▸ Data to process:
......
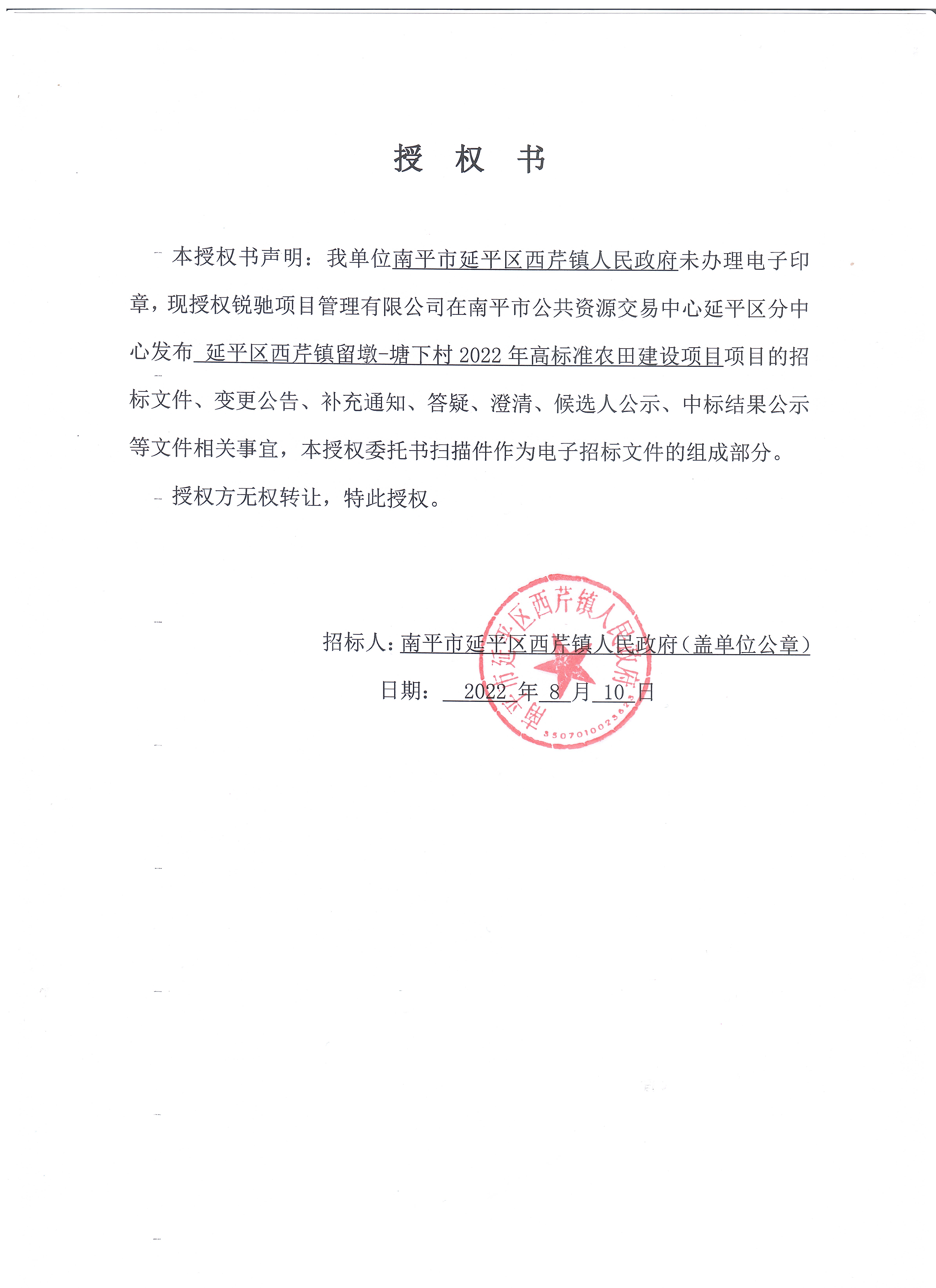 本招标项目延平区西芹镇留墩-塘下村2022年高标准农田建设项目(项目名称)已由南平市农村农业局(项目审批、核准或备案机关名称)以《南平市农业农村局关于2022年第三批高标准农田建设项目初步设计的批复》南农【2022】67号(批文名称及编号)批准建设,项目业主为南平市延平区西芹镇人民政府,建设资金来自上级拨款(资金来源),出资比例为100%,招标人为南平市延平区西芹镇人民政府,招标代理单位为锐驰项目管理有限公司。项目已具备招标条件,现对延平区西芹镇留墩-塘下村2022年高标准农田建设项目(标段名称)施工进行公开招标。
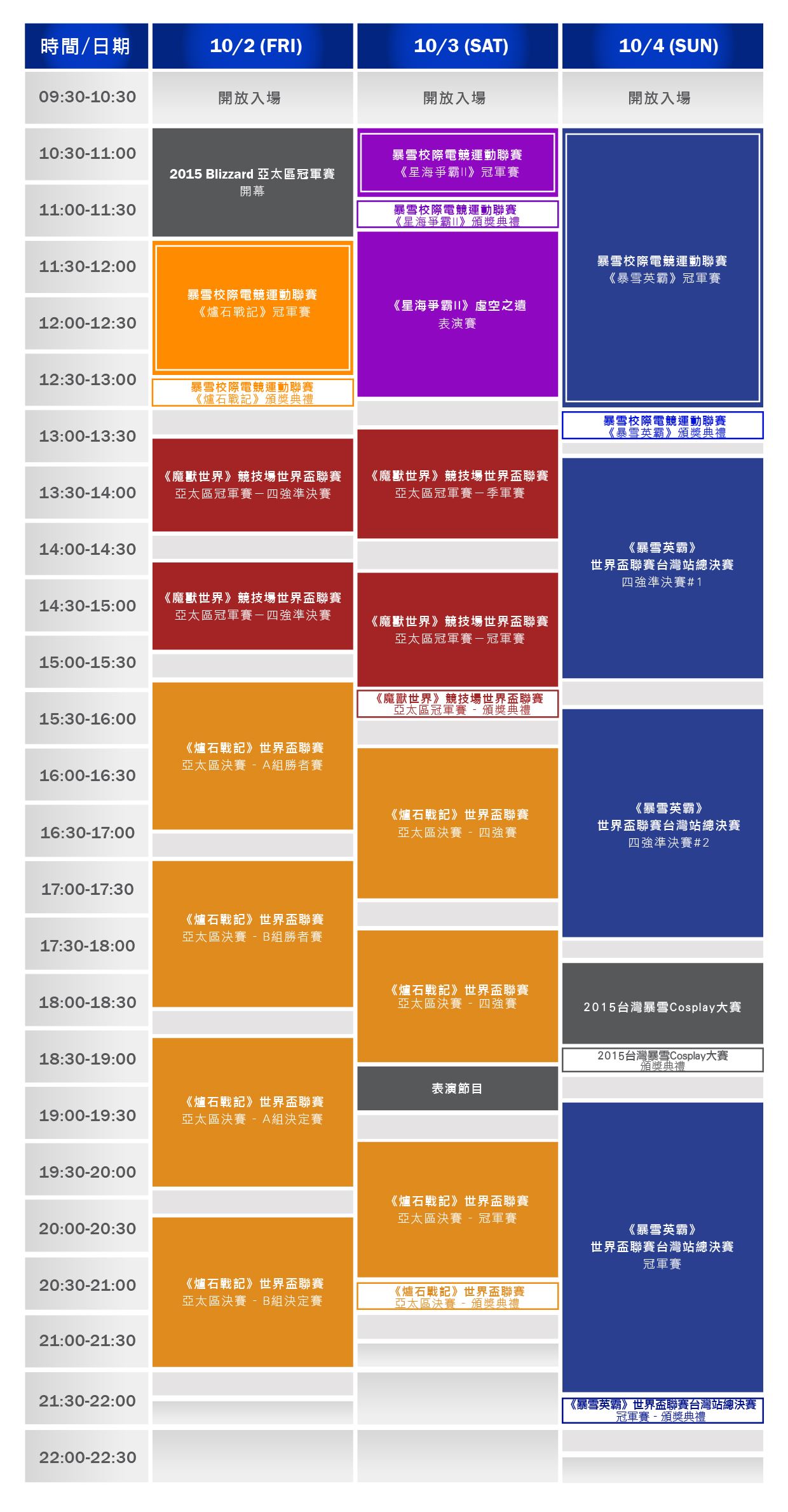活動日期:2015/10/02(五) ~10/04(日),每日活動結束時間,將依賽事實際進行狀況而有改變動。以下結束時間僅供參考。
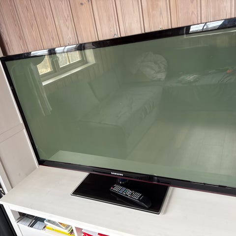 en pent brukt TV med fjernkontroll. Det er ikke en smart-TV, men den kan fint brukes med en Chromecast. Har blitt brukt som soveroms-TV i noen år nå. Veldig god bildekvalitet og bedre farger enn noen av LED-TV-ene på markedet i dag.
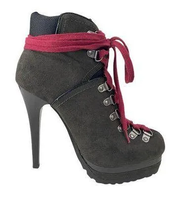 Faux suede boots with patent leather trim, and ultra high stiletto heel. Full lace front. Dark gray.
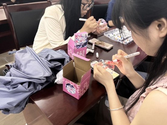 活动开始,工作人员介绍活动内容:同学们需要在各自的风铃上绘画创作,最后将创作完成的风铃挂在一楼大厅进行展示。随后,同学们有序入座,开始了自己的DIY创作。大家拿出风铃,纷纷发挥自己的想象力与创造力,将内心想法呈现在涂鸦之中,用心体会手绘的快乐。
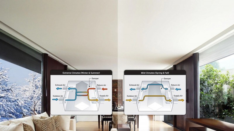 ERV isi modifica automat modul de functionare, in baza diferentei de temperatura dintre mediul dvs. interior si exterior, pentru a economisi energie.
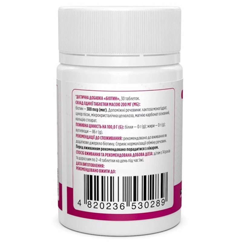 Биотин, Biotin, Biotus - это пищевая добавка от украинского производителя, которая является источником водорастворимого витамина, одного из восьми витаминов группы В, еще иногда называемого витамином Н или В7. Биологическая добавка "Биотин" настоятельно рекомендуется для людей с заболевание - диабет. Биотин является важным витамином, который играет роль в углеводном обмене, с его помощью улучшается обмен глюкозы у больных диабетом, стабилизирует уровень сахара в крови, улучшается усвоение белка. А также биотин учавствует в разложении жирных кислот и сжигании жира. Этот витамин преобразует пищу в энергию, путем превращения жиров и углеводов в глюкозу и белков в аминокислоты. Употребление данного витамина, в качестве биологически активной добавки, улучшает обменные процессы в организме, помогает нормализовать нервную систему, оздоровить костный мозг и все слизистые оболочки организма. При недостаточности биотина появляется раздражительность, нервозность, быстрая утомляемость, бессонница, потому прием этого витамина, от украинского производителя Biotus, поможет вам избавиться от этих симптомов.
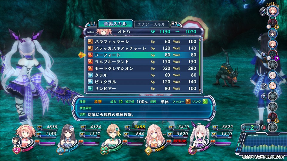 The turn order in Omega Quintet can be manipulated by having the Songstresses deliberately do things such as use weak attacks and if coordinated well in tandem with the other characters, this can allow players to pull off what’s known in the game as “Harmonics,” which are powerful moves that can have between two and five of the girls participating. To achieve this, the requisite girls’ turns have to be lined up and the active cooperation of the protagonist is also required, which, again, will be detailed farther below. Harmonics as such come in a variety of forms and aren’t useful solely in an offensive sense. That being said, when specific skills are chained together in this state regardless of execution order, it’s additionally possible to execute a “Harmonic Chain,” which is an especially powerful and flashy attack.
......
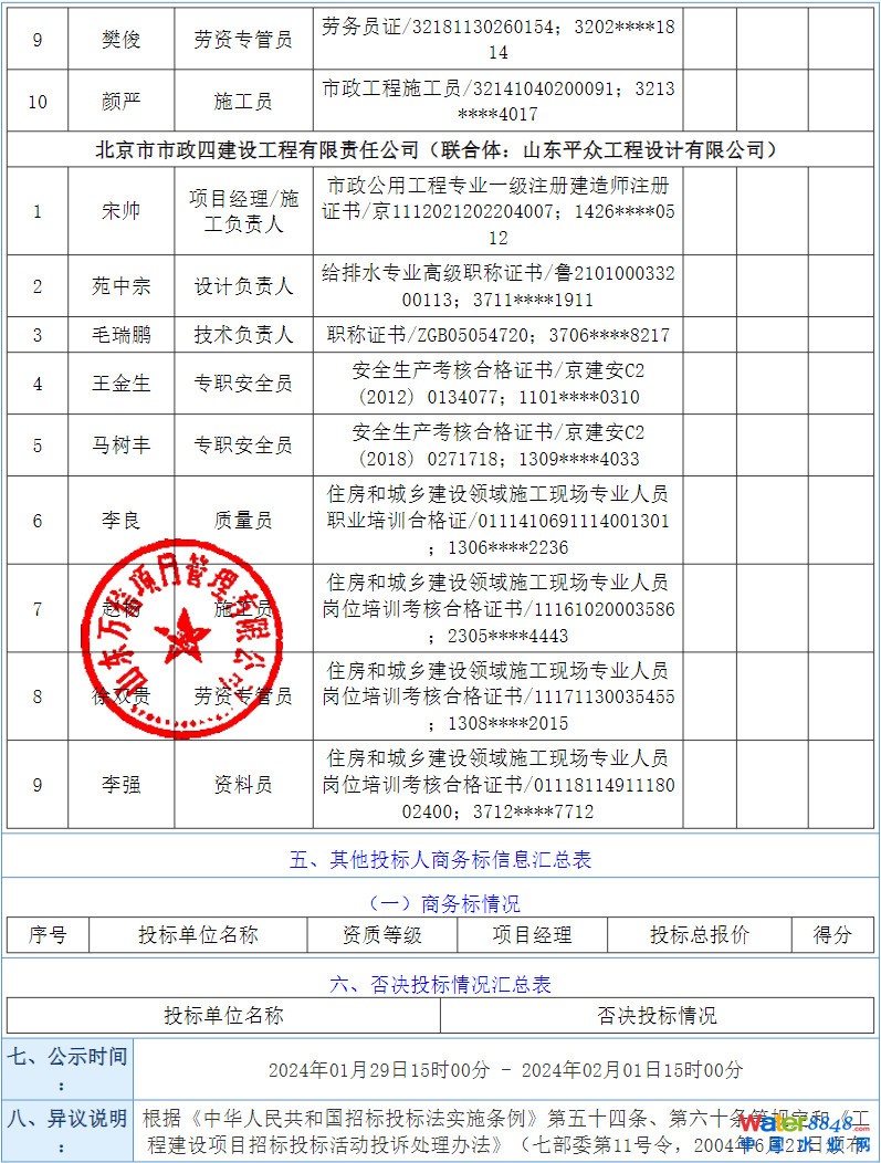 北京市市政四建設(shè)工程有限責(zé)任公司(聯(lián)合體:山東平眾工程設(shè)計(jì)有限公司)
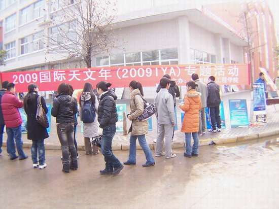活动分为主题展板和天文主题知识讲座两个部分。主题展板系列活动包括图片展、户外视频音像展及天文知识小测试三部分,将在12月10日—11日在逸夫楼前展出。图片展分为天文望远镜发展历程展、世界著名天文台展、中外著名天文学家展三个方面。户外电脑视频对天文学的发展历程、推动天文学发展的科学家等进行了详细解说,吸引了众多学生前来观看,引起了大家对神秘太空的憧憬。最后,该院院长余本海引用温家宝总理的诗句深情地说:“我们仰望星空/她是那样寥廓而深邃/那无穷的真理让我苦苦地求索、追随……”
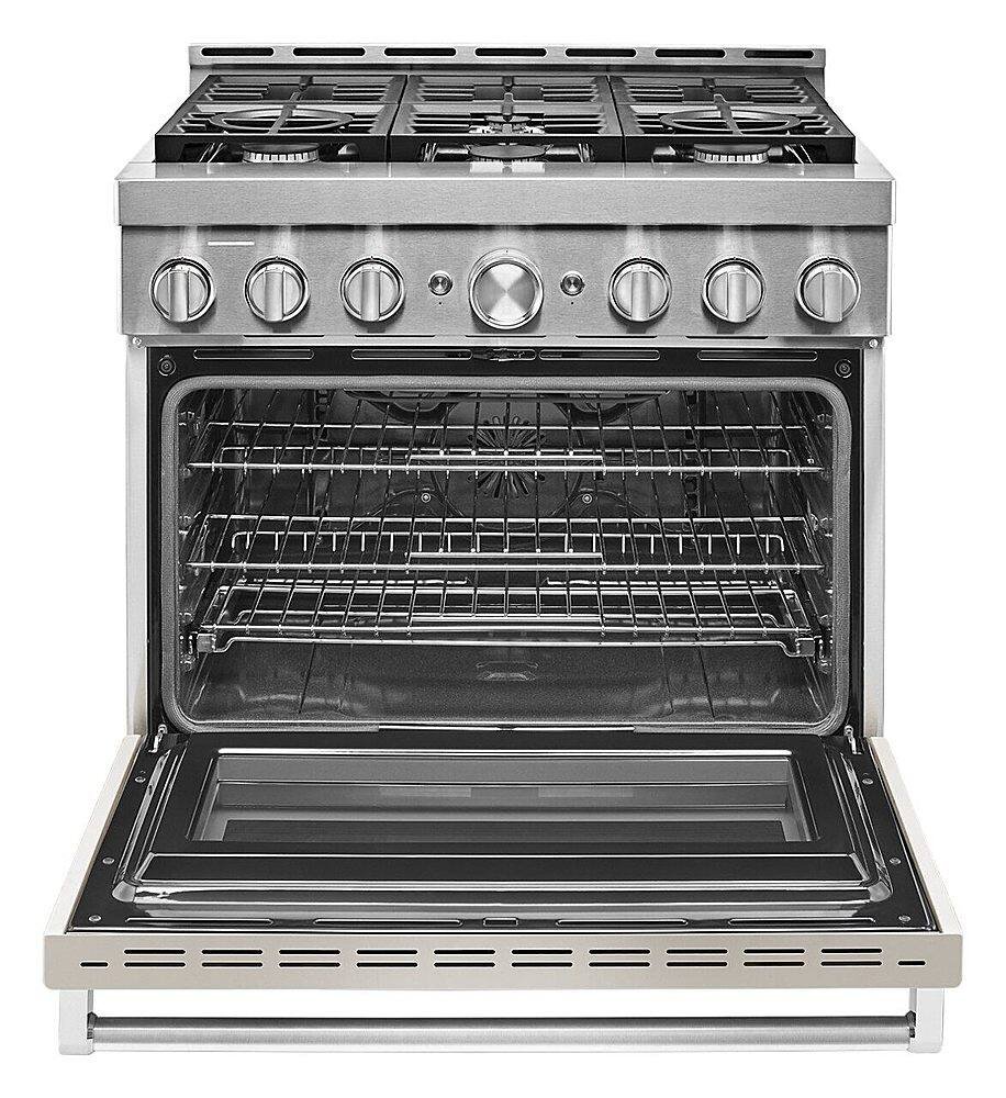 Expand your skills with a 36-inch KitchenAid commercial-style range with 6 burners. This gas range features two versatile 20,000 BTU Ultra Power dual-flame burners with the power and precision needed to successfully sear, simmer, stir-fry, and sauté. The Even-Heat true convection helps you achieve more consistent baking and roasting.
......
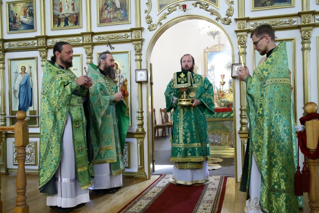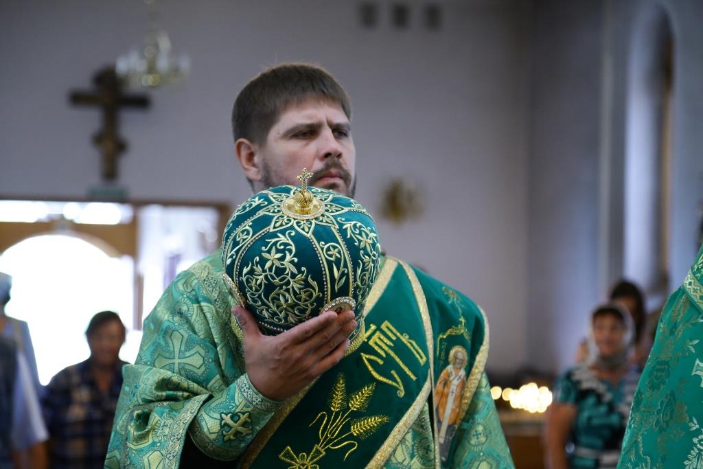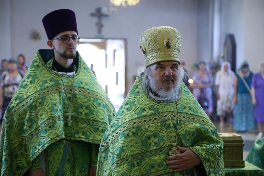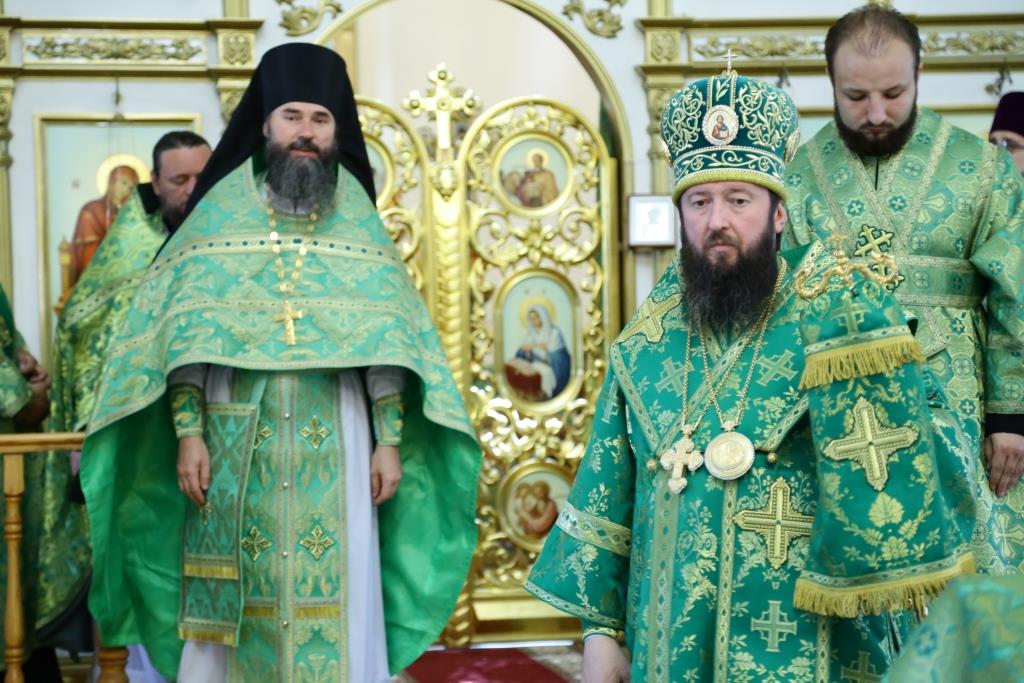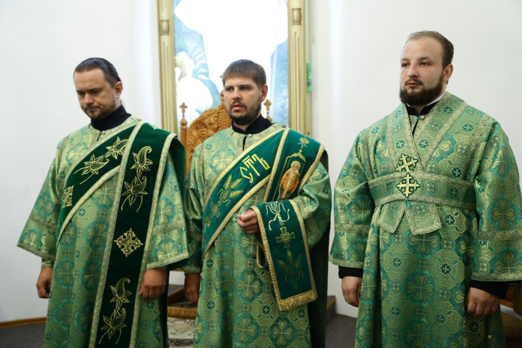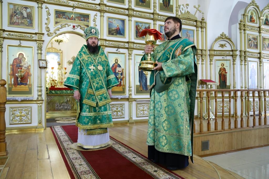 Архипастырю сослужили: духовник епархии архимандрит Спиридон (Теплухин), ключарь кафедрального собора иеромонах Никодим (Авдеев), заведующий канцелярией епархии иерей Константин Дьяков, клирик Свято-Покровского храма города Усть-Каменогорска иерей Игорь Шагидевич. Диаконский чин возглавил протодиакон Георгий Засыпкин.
......
Above, find the line holding "活動日期:2015/10/0" and the line holding "活动开始,工作人员介绍活动内". Print exactly those two lines and every line between them, but no pictures.

▸ Solution to this exercise:
活動日期:2015/10/02(五) ~10/04(日),每日活動結束時間,將依賽事實際進行狀況而有改變動。以下結束時間僅供參考。
 en pent brukt TV med fjernkontroll. Det er ikke en smart-TV, men den kan fint brukes med en Chromecast. Har blitt brukt som soveroms-TV i noen år nå. Veldig god bildekvalitet og bedre farger enn noen av LED-TV-ene på markedet i dag.
 Faux suede boots with patent leather trim, and ultra high stiletto heel. Full lace front. Dark gray.
 活动开始,工作人员介绍活动内容:同学们需要在各自的风铃上绘画创作,最后将创作完成的风铃挂在一楼大厅进行展示。随后,同学们有序入座,开始了自己的DIY创作。大家拿出风铃,纷纷发挥自己的想象力与创造力,将内心想法呈现在涂鸦之中,用心体会手绘的快乐。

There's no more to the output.